NFIW Challenges Anti-Religious Conversion Laws Of Eight States In Supreme Court

The National Federation of Indian Women (NFIW) has moved the Supreme Court to overturn eight state laws governing religious conversions, known as Anti-Conversion and Freedom of Religion Acts.

The petition filed through Advocate on Record (AoR) Aakarsh Kamra, challenges statutes enacted by the governments of Gujarat, Haryana, Himachal Pradesh, Jharkhand, Karnataka, Madhya Pradesh, Uttar Pradesh and Uttarakhand.

The petitioners claims that the statutes define the term “Allurement” too broadly, including legitimate and natural desires that actuate/persuade individual decisions for the purpose of marriage.

It objects to women being classified as a “vulnerable class” under these statutes. It claims that such categorization with separate (enhanced) punishment is illogical and has no rational connection to any legitimate object.

It is also argued that such classification has a disproportionate impact on women and their right to autonomy, as well as providing “arbitrary legal sanction to pervasive State intrusion into people’s private lives and decisions, in complete violation of the right to privacy and human dignity.”

According to the petition, the challenged laws deny the free exercise of the right guaranteed by Article 25 of the Constitution and suffer from the vice of vagueness and overbreadth in defining criminal offences, which has a serious impact on personal liberty.

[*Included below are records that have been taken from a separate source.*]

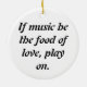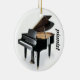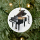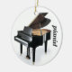 A baby grand piano is pictured with the word "pianist" down the side. The other side of this ornament says: If music be the food of love, play on printed in black.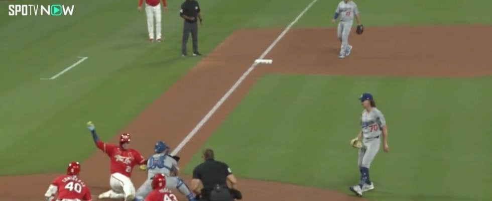 ここで二塁ランナーのヌートバーは一気に三塁ベースも蹴ってホームに突入。ドジャースのセンターを守るパヘスから好返球が帰ってきたことで、ホームベース上でギリギリのプレーとなったが、最後はヌートバーの右足が先に滑り込みセーフの判定となった。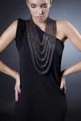 Colierul handmade este realizat prin impletirea zalelor negre in cinci siruri, care se alungesc delicat pe silueta. Ceea ce este fascinant la aceasta piesa este simplitatea ei si cum aceasta simplitate poate infrumuseta si completa o tinuta. Colierul Bristena se poate realiza si din zale argintii.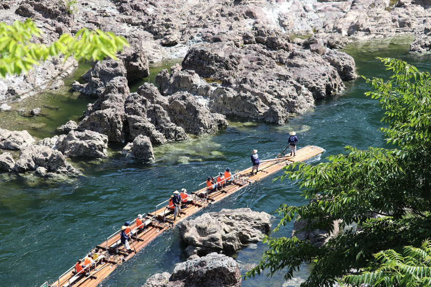 かつて木材運搬に利用された「筏流し」を体験できる観光の目玉で、観光用の丸太の筏に乗って急流を勢いよく下るアクティビティです。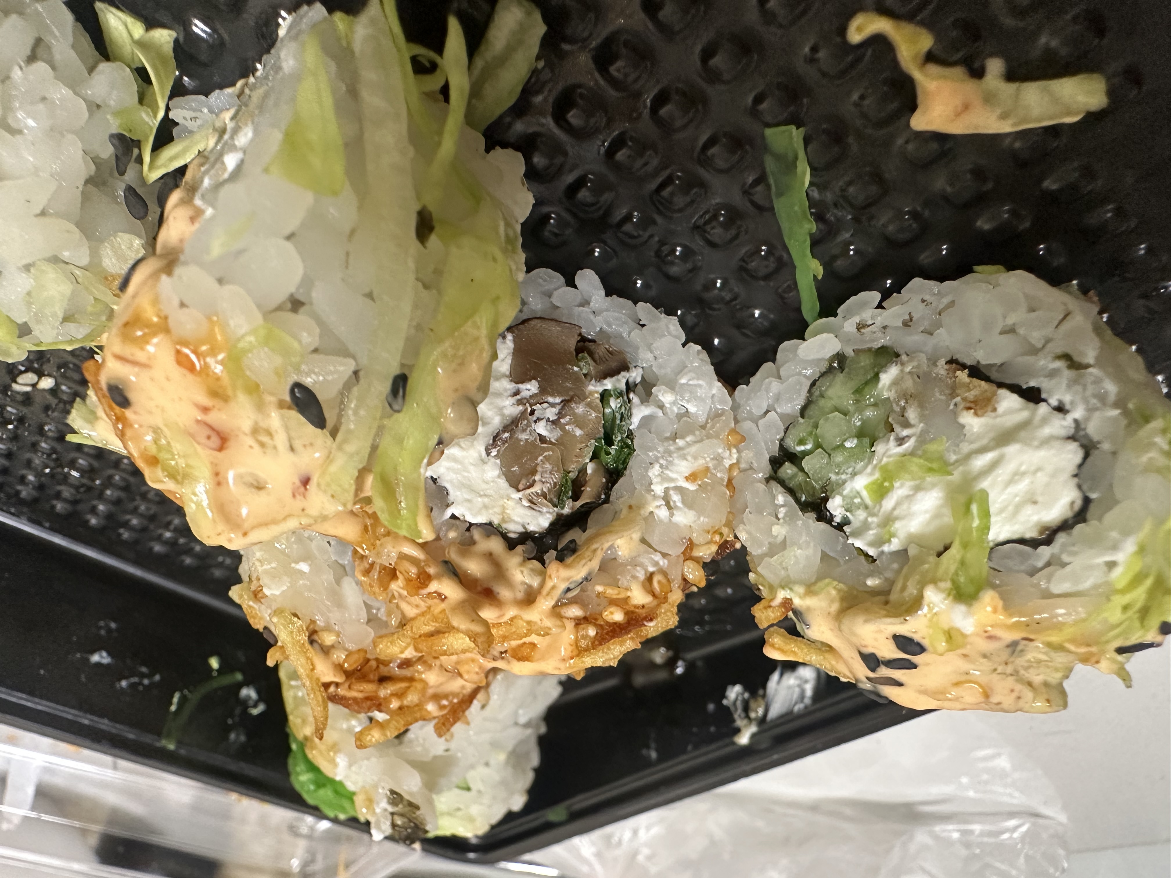 Разваливаются. Рис сырой. Черствые. Подумайте прежде чем заказывать

Additionally, it asserts that these rules have led to “bullying, harassment, and violence” by family members or vigilante groups against interfaith marriages. It continues, “They are constitutionally untenable and should be set aside insofar as they permit, legitimise, and provide legal sanction to unwarranted interference, by family members or community vigilantes, into intimate and personal life choices, such as one’s choice of religion or marital partner.

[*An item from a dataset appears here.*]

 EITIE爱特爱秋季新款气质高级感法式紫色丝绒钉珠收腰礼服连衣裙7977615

It comes from the stereotype that women are the ‘weaker’ partners in marriage, unable of making independent decisions and lacking in ability. When these ideas are supported by statures, they help to reinforce negative gender stereotypes. Even if the concerned adult woman has no complaints about the marriage and/or conversion, the challenged laws deny women agency by submitting their union and/or conversion to legal scrutiny based on the whim and fancy of her relatives and parents.

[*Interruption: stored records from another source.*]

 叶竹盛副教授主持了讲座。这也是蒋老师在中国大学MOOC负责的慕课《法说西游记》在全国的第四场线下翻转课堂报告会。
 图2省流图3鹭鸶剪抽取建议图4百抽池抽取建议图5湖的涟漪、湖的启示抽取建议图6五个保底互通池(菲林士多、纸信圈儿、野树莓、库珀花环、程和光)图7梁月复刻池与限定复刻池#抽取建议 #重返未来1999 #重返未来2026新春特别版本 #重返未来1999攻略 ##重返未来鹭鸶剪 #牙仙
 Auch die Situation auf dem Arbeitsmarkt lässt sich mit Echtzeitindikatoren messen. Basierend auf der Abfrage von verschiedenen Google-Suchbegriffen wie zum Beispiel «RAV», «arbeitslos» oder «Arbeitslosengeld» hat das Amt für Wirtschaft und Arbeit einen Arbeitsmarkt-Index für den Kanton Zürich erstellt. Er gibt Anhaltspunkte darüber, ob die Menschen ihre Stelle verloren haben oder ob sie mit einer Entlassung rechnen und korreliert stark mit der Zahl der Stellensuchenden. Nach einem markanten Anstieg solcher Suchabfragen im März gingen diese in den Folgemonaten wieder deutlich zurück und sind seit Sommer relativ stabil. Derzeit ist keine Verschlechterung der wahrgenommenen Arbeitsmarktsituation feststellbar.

Reliance is placed on Shakti Vahini v. Union of India where it was held that choice of an individual is an inextricable part of dignity.

The argument concludes by arguing that the challenged rules are constitutionally untenable because they prevent the “free movement of consciousness across religions,” whether it be through marriages between people of different faiths or voluntary conversions.

Thus, it requests that each of the eight statues be ruled invalid and unconstitutional.